5. Il referendum in Fiat. Per quanto riguarda la gestione della vertenza Fiat, abbiamo riconfermato il nostro disaccordo con la scelta di fare propria la richiesta del referendum, assolutamente legittima come richiesto dai lavoratori, da parte di Fiom e Cgil. E’ evidente, infatti che, come ha detto Susanna Camusso nelle conclusioni, se un’organizzazione fa proprio un referendum deve inevitabilmente accettarne i risultati. Mentre, per quanto ci riguarda la decisione di non firmare in ogni caso gli accordi Fiat non è modificabile in nessun modo. Considerato che il referendum molto probabilmente verrà rifiutato, questa scelta rischia di non portare da nessuna parte e di indebolire la nettezza del nostro no all’accordo.

Quanto è avvenuto in questi tre giorni di discussione ha chiaramente segnato cambiamenti nel confronto politico nella Cgil e nella Fiom. Riteniamo che sia necessario affrontarli serenamente, ma con rigore.
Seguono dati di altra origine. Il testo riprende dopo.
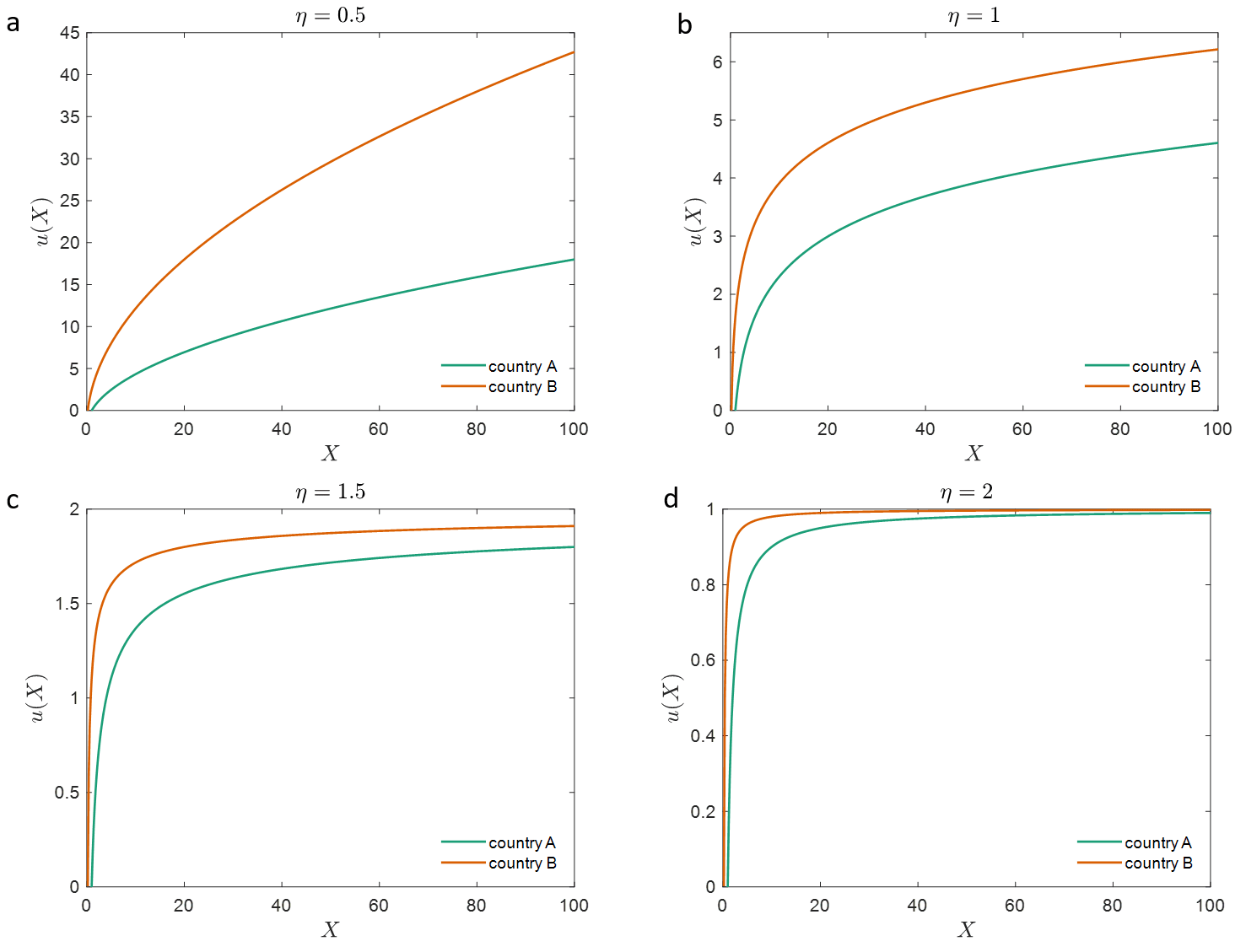 If it doesn’t seem intuitive that, for two people with the same monetary income, money should go to the person in the country where goods are more expensive, recall that this person has a lower level of consumption. By contrast, consider people with different price values, but the same consumption:

In particolare è evidente che la dialettica congressuale è stata chiaramente messa in discussione e che nella stessa area “La Cgil che vogliamo”, da lungo tempo in evidente crisi, ci sono scelte non più rinviabili da compiere.
Per tutte queste ragioni, fermo restando il nostro impegno militante a sostegno dei lavoratori Fiat e del rientro della Fiom in fabbrica e di tutte le mobilitazioni in atto, riteniamo necessario che si apra una discussione di fondo su come fronteggiare il più grave attacco ai diritti e alle libertà dei lavoratori dal ’45 ad oggi.
Per questo nei prossimi giorni produrremo un documento da confrontare con altre prese di posizione che sono state annunciate.